<<<<

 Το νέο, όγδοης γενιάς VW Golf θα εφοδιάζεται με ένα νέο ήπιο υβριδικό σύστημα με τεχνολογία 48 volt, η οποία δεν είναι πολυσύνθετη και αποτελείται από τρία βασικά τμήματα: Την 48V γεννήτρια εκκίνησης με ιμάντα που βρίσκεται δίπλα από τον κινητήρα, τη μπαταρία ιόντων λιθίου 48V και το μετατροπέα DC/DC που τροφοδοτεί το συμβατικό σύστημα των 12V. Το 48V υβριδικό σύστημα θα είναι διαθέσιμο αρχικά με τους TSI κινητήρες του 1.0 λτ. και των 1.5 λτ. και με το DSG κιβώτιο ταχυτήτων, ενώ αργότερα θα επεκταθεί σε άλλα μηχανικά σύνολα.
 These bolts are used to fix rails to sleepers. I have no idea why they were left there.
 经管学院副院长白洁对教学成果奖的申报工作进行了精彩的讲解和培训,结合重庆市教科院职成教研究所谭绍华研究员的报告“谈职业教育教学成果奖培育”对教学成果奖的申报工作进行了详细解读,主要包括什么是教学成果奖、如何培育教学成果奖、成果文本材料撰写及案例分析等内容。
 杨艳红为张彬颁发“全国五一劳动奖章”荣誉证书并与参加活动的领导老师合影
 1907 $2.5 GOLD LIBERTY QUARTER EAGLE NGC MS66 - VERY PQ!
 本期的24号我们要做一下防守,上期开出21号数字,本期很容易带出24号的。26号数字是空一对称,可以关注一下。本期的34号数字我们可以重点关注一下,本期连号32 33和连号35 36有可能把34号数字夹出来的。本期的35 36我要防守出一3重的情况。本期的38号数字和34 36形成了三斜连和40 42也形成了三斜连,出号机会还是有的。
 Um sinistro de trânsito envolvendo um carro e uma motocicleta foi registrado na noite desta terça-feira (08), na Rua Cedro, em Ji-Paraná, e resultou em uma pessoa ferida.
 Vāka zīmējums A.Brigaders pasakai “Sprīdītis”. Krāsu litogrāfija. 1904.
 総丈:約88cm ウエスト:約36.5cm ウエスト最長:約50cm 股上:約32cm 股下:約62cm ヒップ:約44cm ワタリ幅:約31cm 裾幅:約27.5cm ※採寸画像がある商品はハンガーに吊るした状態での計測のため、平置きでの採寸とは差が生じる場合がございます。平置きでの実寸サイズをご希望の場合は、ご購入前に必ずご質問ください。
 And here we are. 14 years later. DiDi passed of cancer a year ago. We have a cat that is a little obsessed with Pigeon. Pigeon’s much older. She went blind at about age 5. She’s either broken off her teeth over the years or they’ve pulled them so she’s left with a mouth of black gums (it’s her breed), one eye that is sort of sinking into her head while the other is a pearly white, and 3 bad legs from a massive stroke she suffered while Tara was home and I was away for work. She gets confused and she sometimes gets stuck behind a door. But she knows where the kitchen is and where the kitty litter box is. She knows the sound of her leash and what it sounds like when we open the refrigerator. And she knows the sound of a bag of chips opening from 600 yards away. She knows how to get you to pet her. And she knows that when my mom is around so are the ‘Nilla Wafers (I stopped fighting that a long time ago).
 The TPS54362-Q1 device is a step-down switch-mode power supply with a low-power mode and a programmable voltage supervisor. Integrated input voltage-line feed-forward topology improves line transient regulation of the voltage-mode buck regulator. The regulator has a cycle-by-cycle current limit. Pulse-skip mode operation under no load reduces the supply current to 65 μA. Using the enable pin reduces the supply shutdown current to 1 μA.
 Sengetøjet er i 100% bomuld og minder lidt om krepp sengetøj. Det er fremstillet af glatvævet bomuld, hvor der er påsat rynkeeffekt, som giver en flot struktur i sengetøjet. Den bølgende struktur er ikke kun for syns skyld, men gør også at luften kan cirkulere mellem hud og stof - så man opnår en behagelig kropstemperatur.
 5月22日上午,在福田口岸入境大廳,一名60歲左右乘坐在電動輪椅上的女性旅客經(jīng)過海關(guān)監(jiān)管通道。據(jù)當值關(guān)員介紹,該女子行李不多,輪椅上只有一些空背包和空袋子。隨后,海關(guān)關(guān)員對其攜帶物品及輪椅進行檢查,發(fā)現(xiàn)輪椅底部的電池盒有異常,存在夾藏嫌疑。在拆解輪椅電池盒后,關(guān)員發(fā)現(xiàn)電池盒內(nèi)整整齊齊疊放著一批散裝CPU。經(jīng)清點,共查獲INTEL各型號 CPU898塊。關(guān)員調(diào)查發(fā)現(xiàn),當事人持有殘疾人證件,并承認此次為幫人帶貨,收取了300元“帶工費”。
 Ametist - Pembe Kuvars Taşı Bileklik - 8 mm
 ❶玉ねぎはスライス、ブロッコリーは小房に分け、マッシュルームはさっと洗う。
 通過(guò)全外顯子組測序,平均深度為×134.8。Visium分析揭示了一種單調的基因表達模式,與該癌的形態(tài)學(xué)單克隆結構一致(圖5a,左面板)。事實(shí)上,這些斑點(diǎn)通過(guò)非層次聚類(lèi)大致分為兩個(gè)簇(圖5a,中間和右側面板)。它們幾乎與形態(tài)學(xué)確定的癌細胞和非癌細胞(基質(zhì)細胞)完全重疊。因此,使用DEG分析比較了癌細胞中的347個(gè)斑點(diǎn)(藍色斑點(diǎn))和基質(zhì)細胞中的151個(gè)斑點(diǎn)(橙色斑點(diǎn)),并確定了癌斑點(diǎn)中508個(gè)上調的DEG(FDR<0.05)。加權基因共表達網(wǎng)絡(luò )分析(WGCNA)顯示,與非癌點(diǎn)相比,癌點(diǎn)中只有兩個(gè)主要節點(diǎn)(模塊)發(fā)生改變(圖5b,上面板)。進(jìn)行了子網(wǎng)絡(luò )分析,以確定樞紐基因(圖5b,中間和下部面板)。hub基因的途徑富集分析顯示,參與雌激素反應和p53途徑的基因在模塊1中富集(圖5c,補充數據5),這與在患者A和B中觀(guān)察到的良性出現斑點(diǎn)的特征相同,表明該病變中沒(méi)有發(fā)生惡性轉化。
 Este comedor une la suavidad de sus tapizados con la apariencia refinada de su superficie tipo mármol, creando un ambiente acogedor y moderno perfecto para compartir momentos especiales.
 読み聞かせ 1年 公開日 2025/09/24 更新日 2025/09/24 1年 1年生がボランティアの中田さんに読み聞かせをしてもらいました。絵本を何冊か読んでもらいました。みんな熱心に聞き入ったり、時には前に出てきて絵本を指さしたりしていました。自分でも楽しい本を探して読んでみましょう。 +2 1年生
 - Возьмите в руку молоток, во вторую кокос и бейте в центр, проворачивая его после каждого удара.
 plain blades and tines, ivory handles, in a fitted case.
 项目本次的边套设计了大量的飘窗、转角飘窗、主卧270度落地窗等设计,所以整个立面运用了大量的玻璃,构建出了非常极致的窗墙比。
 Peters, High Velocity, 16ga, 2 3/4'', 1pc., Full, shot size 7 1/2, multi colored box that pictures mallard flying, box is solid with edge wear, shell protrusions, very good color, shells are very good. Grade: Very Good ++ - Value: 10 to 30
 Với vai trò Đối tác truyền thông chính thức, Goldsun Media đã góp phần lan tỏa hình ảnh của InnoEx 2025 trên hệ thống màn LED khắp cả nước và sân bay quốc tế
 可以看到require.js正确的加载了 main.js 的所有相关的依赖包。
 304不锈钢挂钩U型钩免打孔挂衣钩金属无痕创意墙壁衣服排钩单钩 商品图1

>>>>

• [Description of the task]: Nothing but a number is expected: how many lines in the listing above contain "guān"?

• [Written solution]: 2